The 49th parallel used to be a big deal for marijuana growers. Canada’s legalization in 2018 spurred a generation of startups north of the border and investors flooded in with the hope they would follow the path of Canadian alcohol companies, which got a head start on U.S. competitors before prohibition was repealed.
Now, as more U.S. states have legalized cannabis, American firms have overshadowed their Canadian peers. And some Canadian companies, unable to export into the U.S. with its larger population, stagnated. But a series of creative deals may upend those dynamics.
Tilray Inc.’s purchase of MedMen Enterprises Inc.’s debt last week is the latest example. It’s similar to the first such creative cross-border deal, Canopy Growth Corp.’s option to buy U.S. company Acreage Holdings. Both could let Canadian companies buy a U.S. target if legalization occurs. It’s the third deal that gives Tilray a leg up on U.S. legalization: Its Aphria merger gave it SweetWater Brewing Company in Atlanta, which it can leverage to make THC drinks or distribute cannabis in the Southeast, while Manitoba Harvest could convert to selling THC edibles.
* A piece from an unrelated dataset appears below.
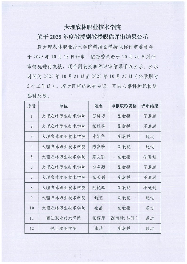 丽江职业技术学院委托大理农林职业技术学院 关于2025年度教授副教授职称评审结果公示

Canadian retailer Fire & Flower also made a creative cross-border deal earlier this month by opening a dispensary in Palm Springs, California. While Canadian companies can’t export marijuana to the U.S., the store was created through a licensing partner, American Acres, which officially changed its name to Fire & Flower U.S. Holdings. The licensing agreement will also let it open stores in markets like Arizona, Nevada and other areas in California over the coming months, Fire & Flower said.
Then there’s Scotts Miracle-Gro, which has gotten a boost from selling cultivation equipment into the cannabis market. The company is barred from getting into “plant-touching” businesses because it’s traded on the New York Stock Exchange. But the maker of fertilizer and gardening supplies this month invested $150 million in Toronto-based cannabis investment firm, RIV Capital. Chief Executive Officer Jim Hagedorn said the deal will let Scotts “participate directly in a larger marketplace as the legal environment changes over time.” The structure was made “with full appreciation of current banking and legal requirements,” Hagedorn said in the statement.